ASSIGNMENT
Your output should be the lines from the one containing "any modern bathroom." through the last line below, both ends included, exactly as written and free of pictures.

DATA EXTRACT
+-------+
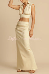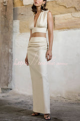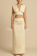 - A trans-seasonal skirt designed for versatility. Crafted from luxurious cotton twill, it's stylish and effortless. Hand-stitched pleats at the hips perfectly accentuate a woman's curves. Designed to be mid-rise, you can size up for a more relaxed fit. The classic mid-back slit design allows you to move freely and shows your exquisite temperament. Pair it with our crop top for a timeless ensemble.
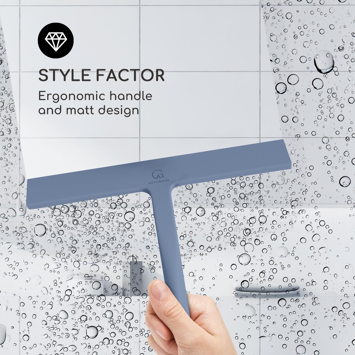 • MINIMALIST TIMELESS DESIGN - The GÜTEWERK glass squeegee is crafted with a matte white finish that impresses with its elegant timeless and smart design. In addition, the chrome-colored stainless-steel hook integrates well with any modern bathroom.
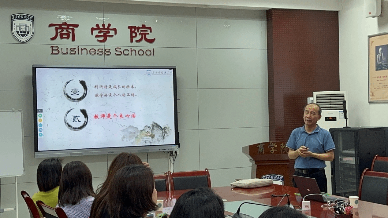 大道:教师应以立德树人为根本,兼顾科研与教学,二者相辅相成;中道:热爱与敬业是教学的动力与保障。周教授将讲课视为“布道”,鼓励教师从资深同行的课堂中汲取经验,做“中听中用的一品老师”;小术:商科教师需注重实践,从精心设计第一节课、邀请行业精英进课堂、勇于开设前沿课程,到善用AI技术辅助教学四个方面进行展开讲解。他强调,课堂是教师的舞台,需以激情感染学生,以逻辑清晰的内容赢得认可,面对新时代教学之挑战,教师更需以“路漫漫其修远兮”的恒心精进教学,以“桃李不言,下自成蹊”的信念共赴育人之路。
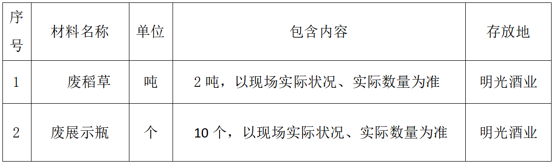 現對安徽明光酒業有限公司一批廢舊物資公開出售,具體出售事宜如下:
+-------+
SOLUTION
 • MINIMALIST TIMELESS DESIGN - The GÜTEWERK glass squeegee is crafted with a matte white finish that impresses with its elegant timeless and smart design. In addition, the chrome-colored stainless-steel hook integrates well with any modern bathroom.
 大道:教师应以立德树人为根本,兼顾科研与教学,二者相辅相成;中道:热爱与敬业是教学的动力与保障。周教授将讲课视为“布道”,鼓励教师从资深同行的课堂中汲取经验,做“中听中用的一品老师”;小术:商科教师需注重实践,从精心设计第一节课、邀请行业精英进课堂、勇于开设前沿课程,到善用AI技术辅助教学四个方面进行展开讲解。他强调,课堂是教师的舞台,需以激情感染学生,以逻辑清晰的内容赢得认可,面对新时代教学之挑战,教师更需以“路漫漫其修远兮”的恒心精进教学,以“桃李不言,下自成蹊”的信念共赴育人之路。
 現對安徽明光酒業有限公司一批廢舊物資公開出售,具體出售事宜如下:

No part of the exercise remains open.